**What you need to do:**
After finding the line containing "Handcrafted with care, this" below, please output that line and each following one through the line containing "Gli eventi per", exactly as written.

**Given records:**
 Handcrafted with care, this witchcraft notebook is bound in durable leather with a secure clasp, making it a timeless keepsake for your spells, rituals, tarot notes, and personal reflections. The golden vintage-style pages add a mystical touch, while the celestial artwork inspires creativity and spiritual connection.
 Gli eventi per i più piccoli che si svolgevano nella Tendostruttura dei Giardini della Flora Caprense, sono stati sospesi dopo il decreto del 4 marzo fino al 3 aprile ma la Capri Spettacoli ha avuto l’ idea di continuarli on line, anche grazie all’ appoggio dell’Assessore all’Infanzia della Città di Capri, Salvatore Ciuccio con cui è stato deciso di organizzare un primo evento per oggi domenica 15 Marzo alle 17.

--

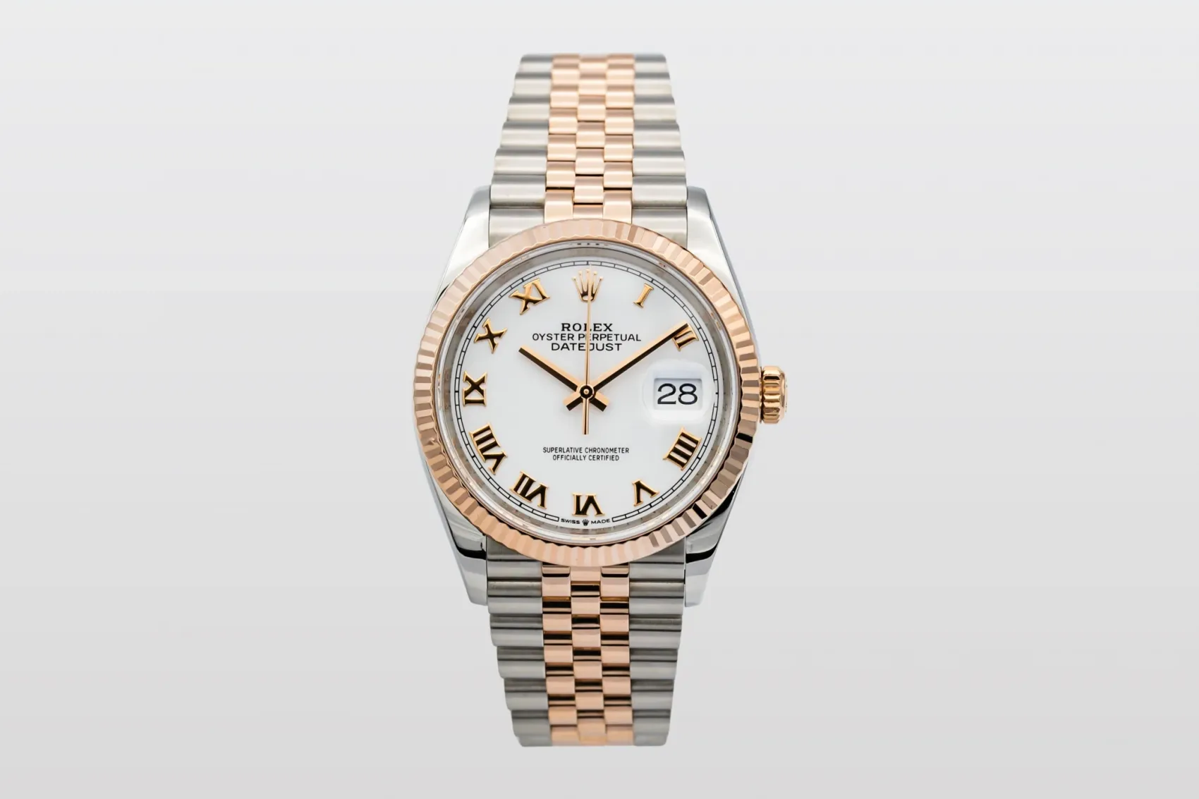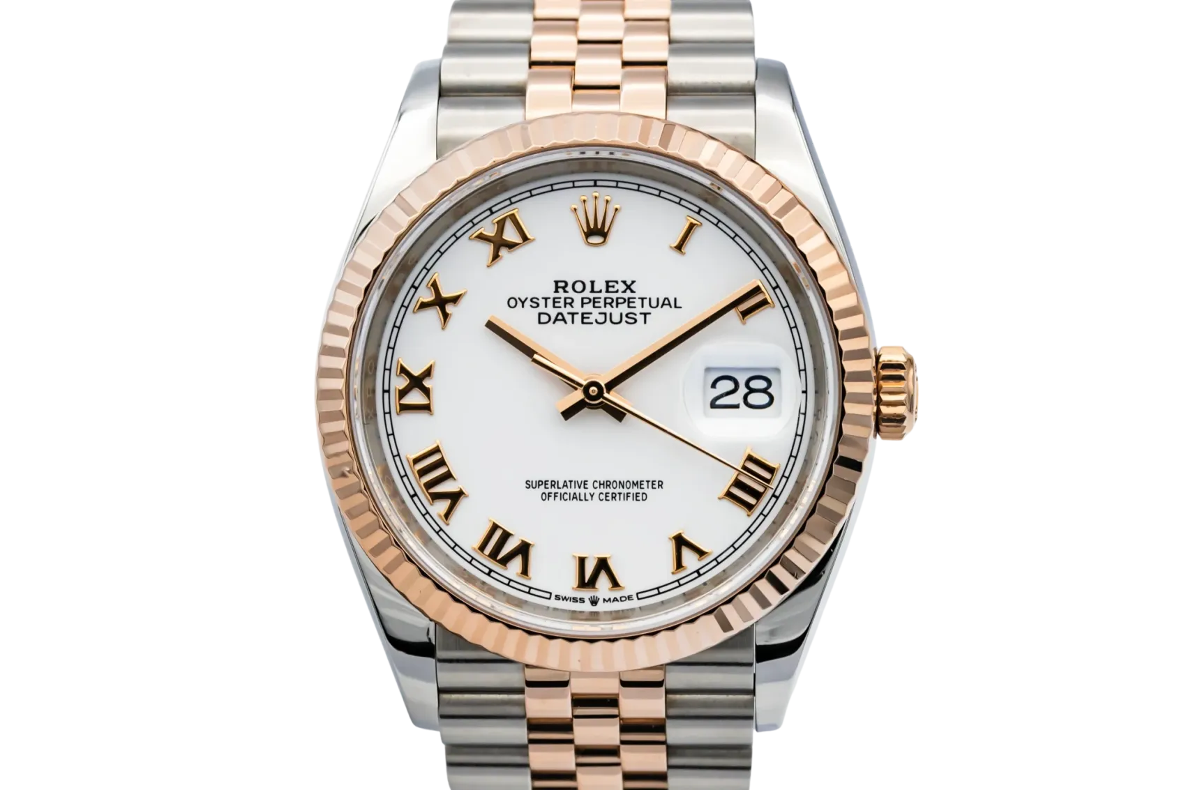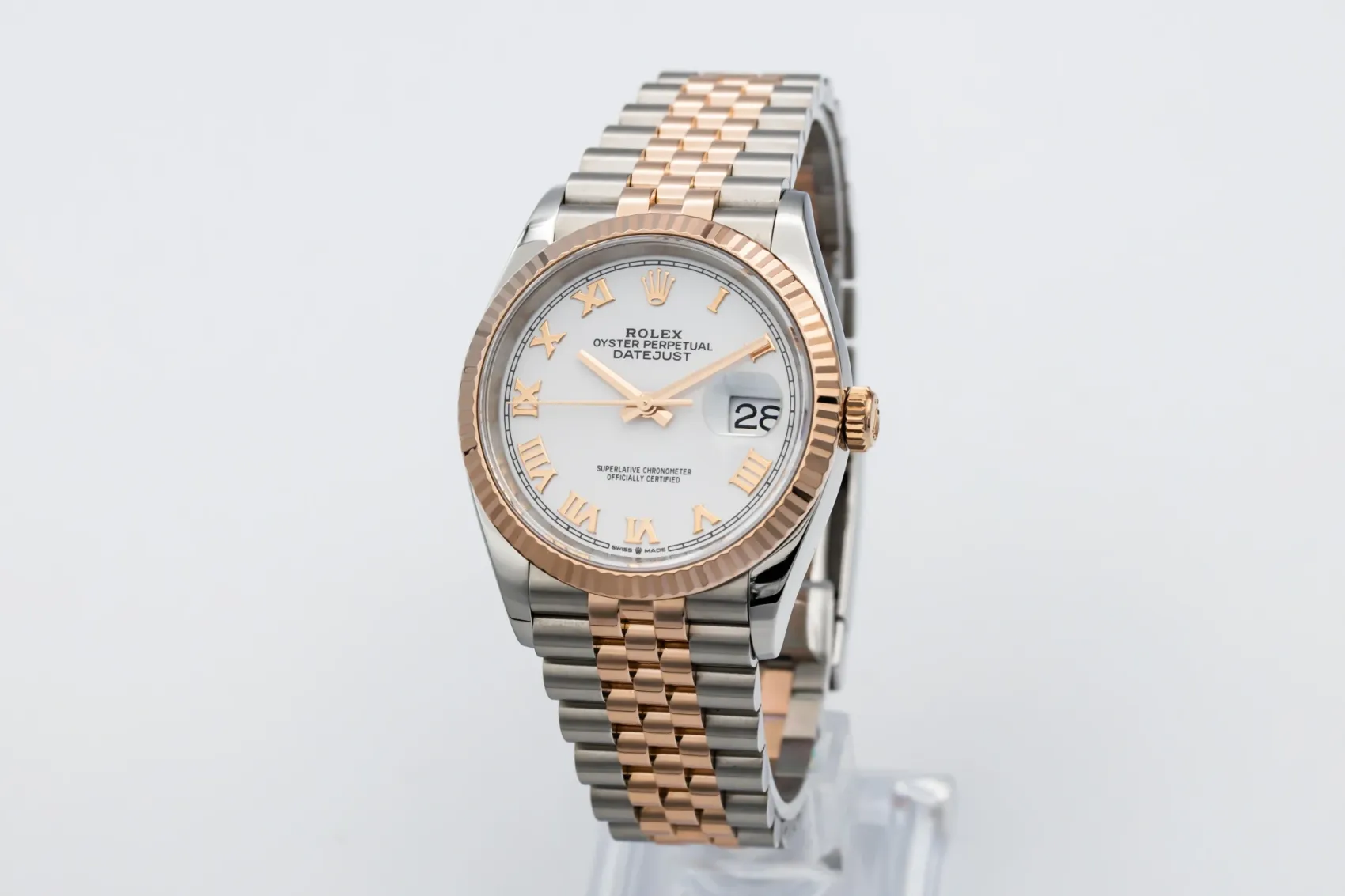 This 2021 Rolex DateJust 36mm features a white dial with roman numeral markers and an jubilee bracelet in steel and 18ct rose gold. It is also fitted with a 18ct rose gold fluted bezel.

**Exercise answer:**
 Handcrafted with care, this witchcraft notebook is bound in durable leather with a secure clasp, making it a timeless keepsake for your spells, rituals, tarot notes, and personal reflections. The golden vintage-style pages add a mystical touch, while the celestial artwork inspires creativity and spiritual connection.
 Gli eventi per i più piccoli che si svolgevano nella Tendostruttura dei Giardini della Flora Caprense, sono stati sospesi dopo il decreto del 4 marzo fino al 3 aprile ma la Capri Spettacoli ha avuto l’ idea di continuarli on line, anche grazie all’ appoggio dell’Assessore all’Infanzia della Città di Capri, Salvatore Ciuccio con cui è stato deciso di organizzare un primo evento per oggi domenica 15 Marzo alle 17.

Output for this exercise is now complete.